The Justice Department will no longer pursue visa fraud charges against five Chinese researchers.
Senate Democrats are accusing the Trump Administration of mishandling some of the 4,500 tips about Justice Brett Kavanaugh before his nomination.
Daybook
What’s happening in Washington today. (All times Eastern)
White House
→ President Joe Biden will receive his daily intelligence briefing at 10 a.m. Then, at 11:45 a.m., he will sign S. 957, the Dispose Unused Medications and Prescription (DUMP) Opioids Act, and S. 1910, the Major Medical Facility Authorization Act, into law. At 1 p.m., Biden will receive his weekly economic briefing. At 4 p.m., he will deliver remarks on vaccinations and combatting the spread of the Delta variant.
→ Vice President Kamala Harris will join Biden for his intelligence and economic briefings. At 2 p.m., Harris and Small Business Administrator Isabel Casillas Guzman will join a virtual meeting with small business owners to discuss the bipartisan infrastructure package.
→ White House Principal Deputy Press Secretary Karine Jean-Pierre will hold a press briefing at 1 p.m.
U.S. Senate
→ The Senate will convene at 10:30 a.m. and resume consideration of the motion to proceed to H.R. 3684, the vehicle for the bipartisan infrastructure package. Roll call votes are possible during the day, but none are scheduled.
U.S. House
→ The House will convene at 10 a.m.
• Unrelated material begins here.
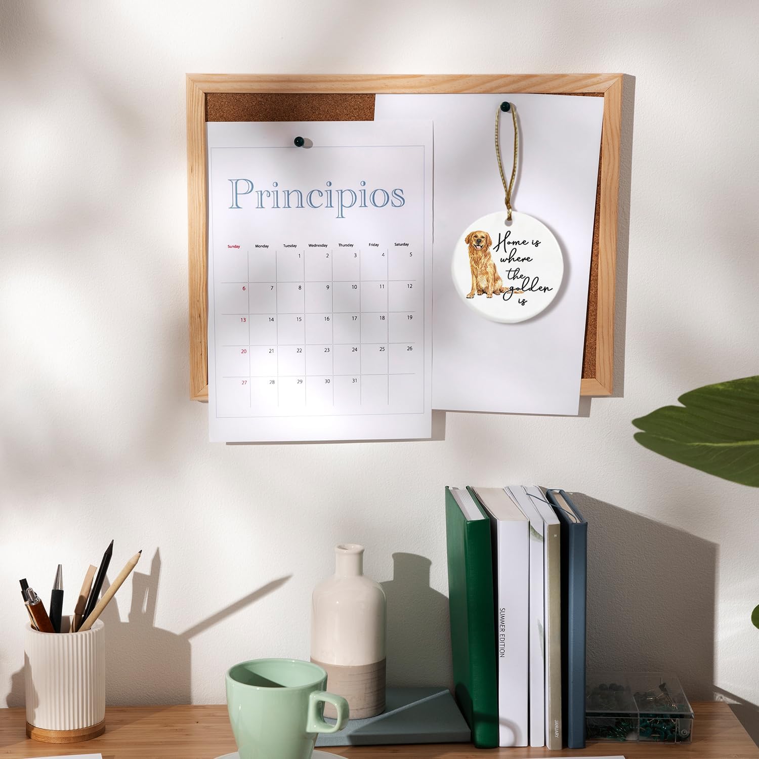 Golden Retriever Decor Gifts Ornament, Home is Where The Golden is Ceramic Christmas Ornament Keepsake Sign Plaque

The chamber will vote on H.R. 4502, the “minibus” appropriation package to fund the Departments of Labor, Health and Human Services, Education, Agriculture, Energy, Interior, Veterans Affairs, Transportation, and Housing and Urban Development, as well as agencies pertaining to rural development, water development, financial services, general government, the environment, and military construction.
The chamber may also vote under “suspension of the rules” on up to 15 pieces of legislation:
S. 848, the Consider Teachers Act of 2021
S. 1828, the HAVANA Act of 2021
H.R. 2278, to authorize the Secretary of the Interior to designate the September 11th National Memorial Trail
H.R. 1029, the Free Veterans from Fees Act
H.R. 1154, the Great Dismal Swamp National Heritage Area Act
H.R. 2497, the Amache National Historical Site Act
H.R. 4300, the Alexander Lofgren VIP Act
S. 325, to amend the Alyce Spotted Bear and Walter Soboleff Commission on Native Children Act to extend the deadline for a report by the Alyce Spotted Bear and Walter Soboleff Commission on Native Children
S. 272, the Congressional Budget Justification Transparency Act of 2021
H.R. 3533, to establish occupational series for Federal positions in software development, software engineering, data science, and data management
H.R. 3599, the Federal Rotational Cyber Workforce Program Act of 2021
H.R. 1204, the District of Columbia Chief Financial Officer Salary Home Rule Act
H.R. 978, the Chai Suthammanont Remembrance Act
H.R. 2617, the Performance Enhancement Reform Act
S. 2382, to authorize the National Cyber Director to accept details from other elements of the Federal Government on nonreimbursable basis
Courts
→ The Supreme Court is on recess until October.